Babies receive their first microbes from their mothers as they travel through the birth canal, breast feed, and have skin-to-skin contact. The microbiome plays a major role in how the immune system develops, beginning soon after birth. By age 3, a child’s microbiome is established, but things that disrupt its development in the first 1,000 days can alter the infant’s early immune system with significant consequences in later life. A primary suspect in that disruption is what the mother eats during pregnancy.
“A mother’s diet that causes her to be overweight will be transmitted to the infant in several ways. Knowing what those microbes are and figuring out how they disrupt the child’s immune system is the focus of this study,” said Jed Friedman, Ph.D., director of Harold Hamm Diabetes Center and a principal investigator on the grant. Friedman’s past research in this area helped him attract the new federal grant. In his previous study, he took stool samples from 2-week-old infants who were born to obese mothers. Those samples, which contain the microbiome, were placed into mice that had no microbes of their own. The mice became obese and experienced a change in their immune systems.

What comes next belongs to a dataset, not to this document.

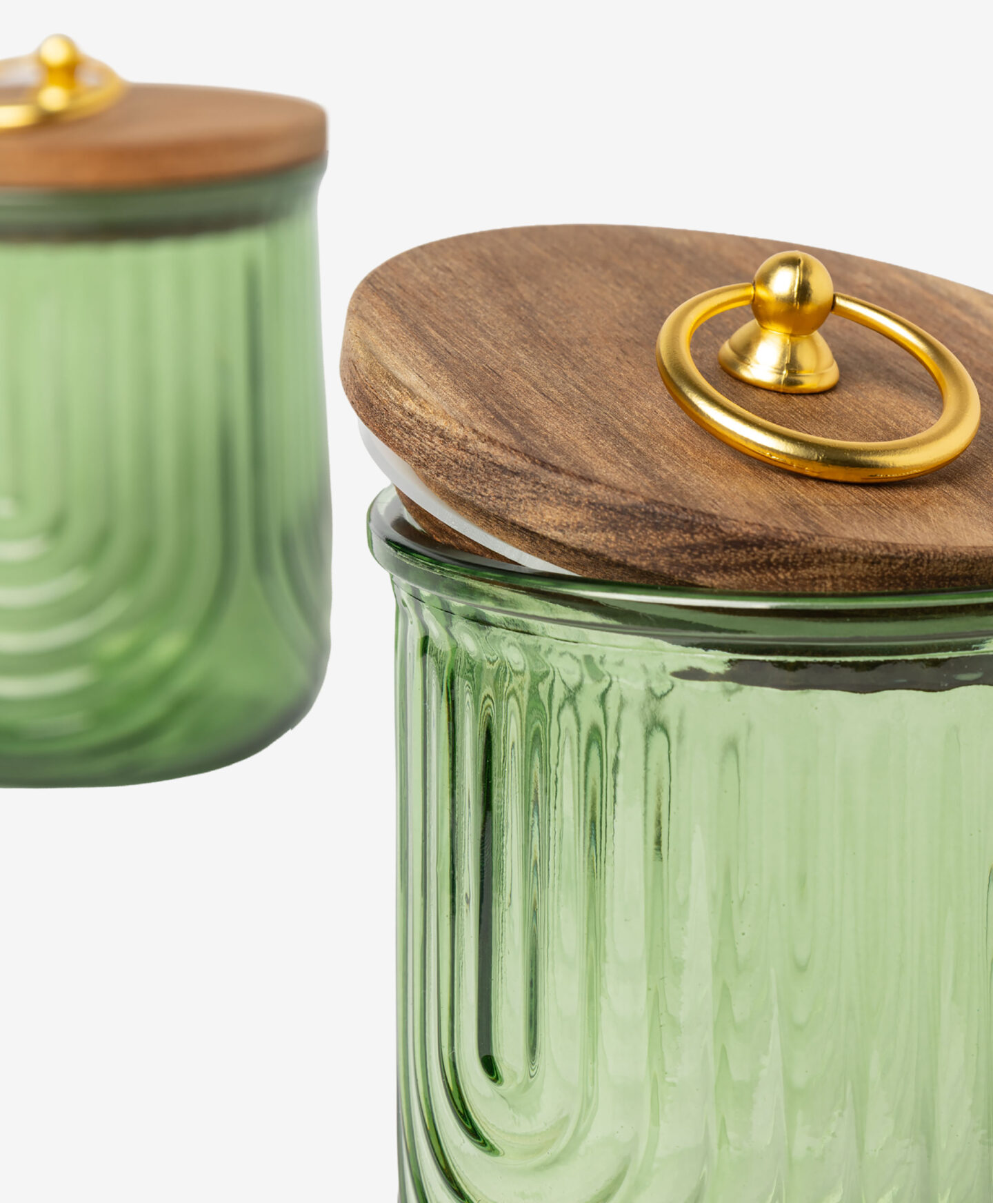 O conjunto de 2 frascos é a solução ideal para quem valoriza funcionalidade aliada à estética. Não só são um acessório prático como também elegante, ideal para decorar a tua cozinha ou casa de banho. A tampa de madeira acrescenta um charme natural e protege o conteúdo na perfeição, mantendo os produtos frescos.

“That prompted us to start thinking about what these microbes are and what they’re doing,” Friedman said. “They’re coming from the mother in some way, but they’re leaking out of the infants’ microbiomes and changing their immune systems and making them gain weight. There’s a super-highway from the gut to your liver. So anything that leaks out of the gut travels straight to the liver. Your liver is a prime target for these microbes.” Friedman’s current study will go a step further to determine how much of an infant’s microbiome disruption can be attributed to a mother’s diet during pregnancy vs. what the baby takes in during breastfeeding. Mice born to an obese mother will be placed with healthy-weight mice to breastfeed, and their immune system development will be monitored, he said.
The human microbiome is sometimes called the “undiscovered community within,” Friedman said, because it is 10 times the size of the human genome and extremely complicated because of how microbes act and communicate with each other. But for all its complexities, researchers have discovered ways to create a healthier microbiome, such as using probiotics in children who have immune conditions like allergies, he said. Part of this study will test the nutritional compound pyrroloquinoline quinone, or PQQ, for its ability to improve the microbiome. PQQ is an antioxidant found in green, leafy vegetables and, among other things, human breast milk, Friedman said. In the study, his team will investigate whether PQQ can counteract the microbial factors that lead to NAFLD.